Through the characters of Lazaro and Caroline’s companion Charly, Blais addresses the problem of the ever-recurring cycle of violence in the world. Lazaro swears to have revenge for Carlos’s act. His mother unsuccessfully tells him he must forgive Carlos, otherwise all of her actions have been pointless. His mother had rebelled against the unjust religious law that permitted her Muslim husband to confine and beat her. Lazaro, however, refuses to listen and rejects his mother. He was born Muslim and male and his heritage calls for vengeance. Charly, a Jamaican descendant of slaves, voices the same desire for revenge based on heritage. Carlos’s sister Venus is also victimized by the circumstances of her birth. Venus had escaped a life of poverty by marrying a rich drug dealer, Captain Williams, but the captain has been killed and she now finds herself at the mercy of the captain’s estate manager, Richard, who has her trapped in the house.

In this novel, Blais deals at length with the impossibility of eliminating suffering and anguish from human life. She juxtaposes characters who try to relieve suffering and characters who escape from it in art, creativity, and beauty. Asoka is a monk who every day witnesses the anguish and death of innocent people, especially children, as he ministers to the victims of war, while his brother Ari devotes himself to sculpting. Caroline, a photographer, has always photographed only beautiful people and objects. She refuses to record images of the victims of violence, war, and starvation, in contrast to the photojournalists, who with their photographs stamp these images into the minds of their readers.

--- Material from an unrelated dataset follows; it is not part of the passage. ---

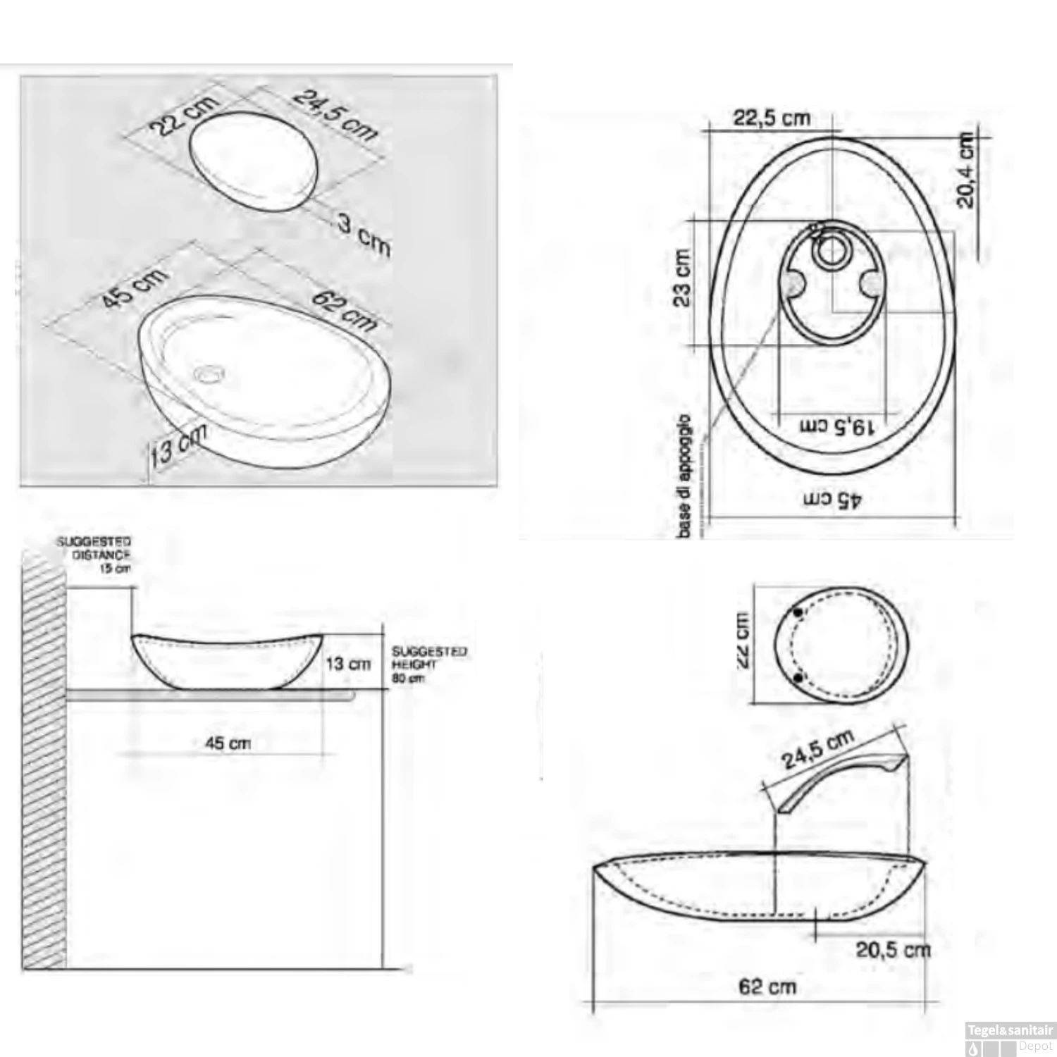 Specificaties Waskom Cipi Saturn Titanio 62x45x13cm Porselein Grijs:

The memorial service for Jean-Mathieu returns to the problem of mortality and God in a suffering world. Caroline muses on the death of her friend, on the exile of each person from the sensual world, and on the sense of loss and absence that comes to each individual.

Blais returns to the stream-of-consciousness technique she employed in These Festive Nights in her analysis of the impossibility of justice in the world and the cruelty of capital punishment. Tormented by the willingness of most judges to pronounce the death penalty, Renata thinks of nothing else as she prepares for a conference on the topic.